Professor Becher is currently revising her dissertation, Valuing Property: Eminent Domain for Urban Redevelopment, Philadelphia 1992-2007, for publication as a book about legitimacy of government investment in private markets. The exceptional act of taking property exposes a moral code operating in many other situations. This moral code of real property, which attempts to match returns to investments, guides individual and organizational action in the contemporary urban United States, but it is not yet described by legal, political, and economic scholarship. This project reveals how institutions and individuals employ this code to resolve tensions between public and private interests.

In the first comprehensive study of a city’s eminent-domain acquisitions, Debbie explores which properties the city pursues for private redevelopment and how stakeholders decide that government actions are either a use or abuse of power. A quantitative overview of citywide practice combines originally collected data on eminent domain with City of Philadelphia and U.S. Census data on properties and neighborhoods, showing that eminent domain has been largely uncontroversial though fairly common (approximately 7,000 properties and 400 development projects pursued from 1992 to 2007). Case studies of two controversial development projects probe more deeply into the porous and shifting boundary between desirable and undesirable government action. Readers follow these projects through planning and implementation, with evidence from public records, documents on file in offices of the Mayor and the Redevelopment Authority, and interviews with residents, business owners, community leaders, government representatives, attorneys, and appraisers. Though in moments of conflict those opposing eminent domain employ an idea of property security as possession (“what’s mine is mine and what’s your is yours”), more flexible approaches to property governance are more common.
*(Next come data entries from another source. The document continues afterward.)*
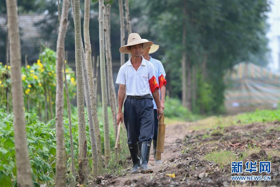 7月20日,在永固垸西線防洪大堤,工作人員巡堤查險(xiǎn)。新華社記者陳澤國攝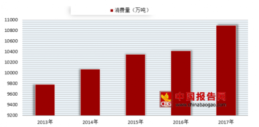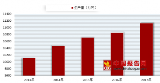 据数据显示,2017年全国纸及纸板生产量11130万吨,较上年增长2.53%;消费量10897万吨,较上年增长4.59%。2012-2017年,纸及纸板生产量和消费量年均增长率均为1.67%。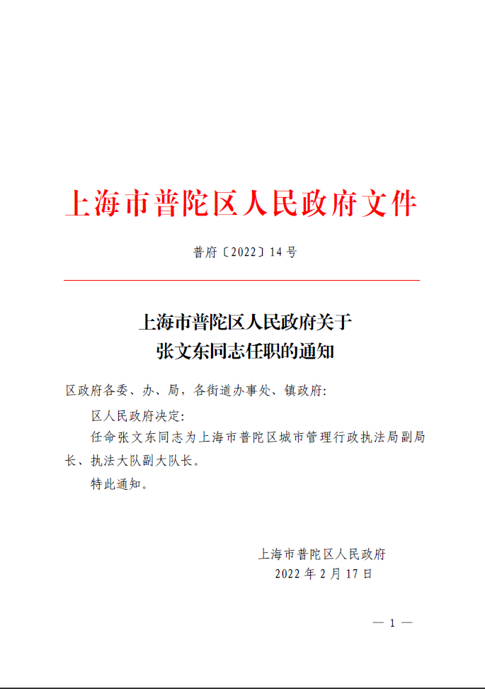 任命张文东同志为上海市普陀区城市管理行政执法局副局长、执法大队副大队长。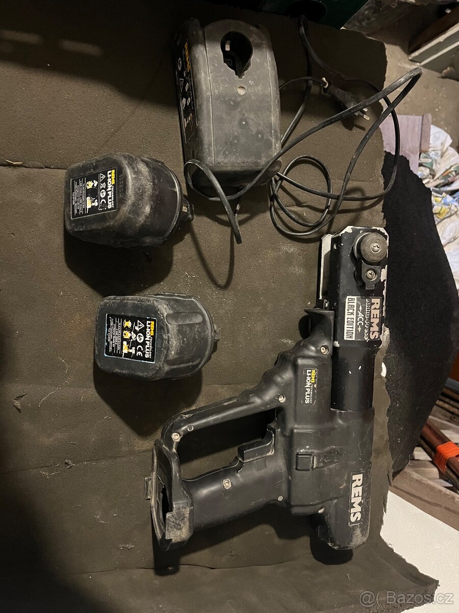 Prodám aku lis Rems s otočnou hlavicí, 2 x baterie včetně nabíječky + 5x čelist V - 15/18/22/28/35 a 1x čelist TH 26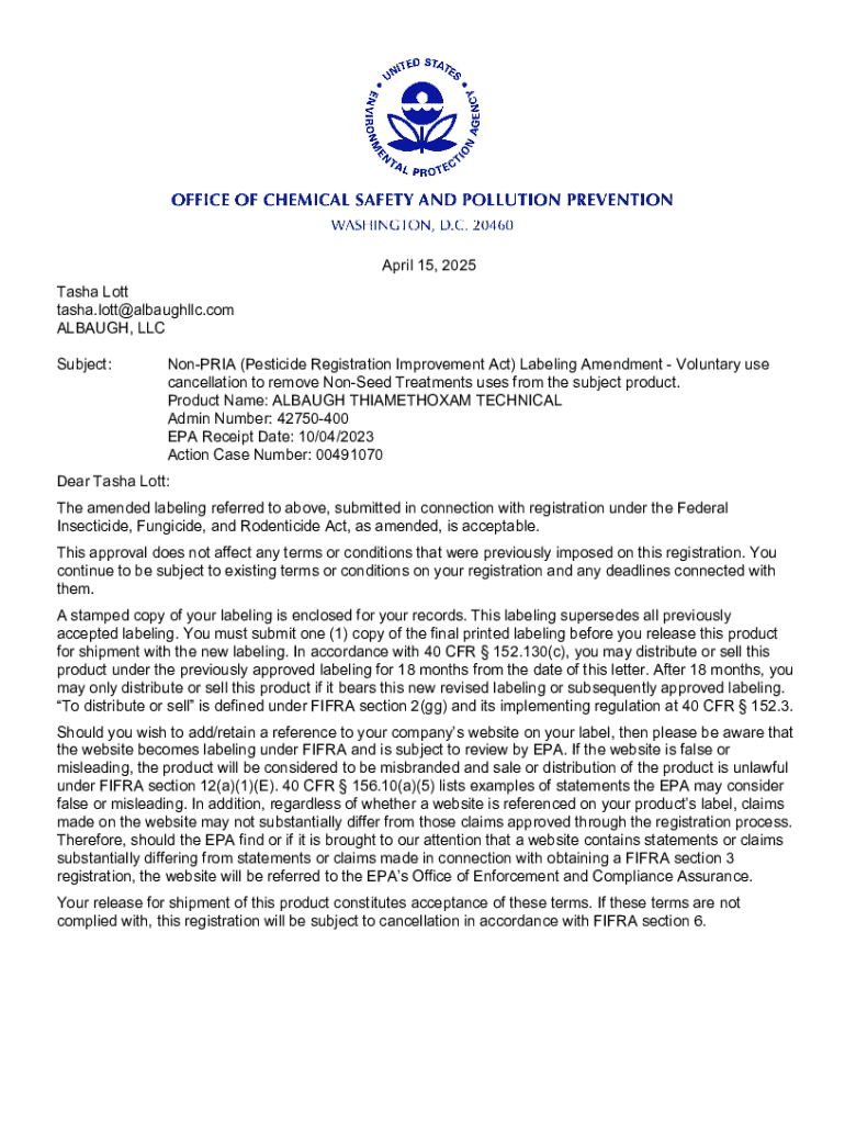 April 15, 2025 Tasha Lott tasha.lott@albaughllc.com ALBAUGH, LLC Subject:NonPRIA (Pesticide Registration Improvement Act) Labeling Amendment Voluntary use cancellation to remove NonSeed Treatments
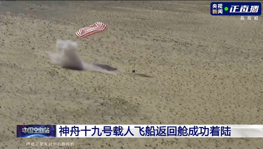 IT之家 4 月 30 日闪讯速报,神舟十九号载人飞船返回舱在东风着陆场成功着陆。目前,搜救回收空中分队已经抵达返回舱着陆点。

Property-governing institutions enforce a moral code trying to value and reward property investment – including emotional, financial, temporal, and cognitive investment. Written rules, public claims, and individual practices aim to ensure that the social environment provides returns to investments of all kinds in a fairly equitable manner. Dissatisfaction and claims of public wrongs arise not when or because government threatens property titles. They arise instead when property-governing institutions fail to meet the task of enforcing this more complex and evasive moral code. The accounts in this book explore specifically how problems related to uncertainty and communications cause these institutional failures that emerge in public discourse as violations of property security as possession.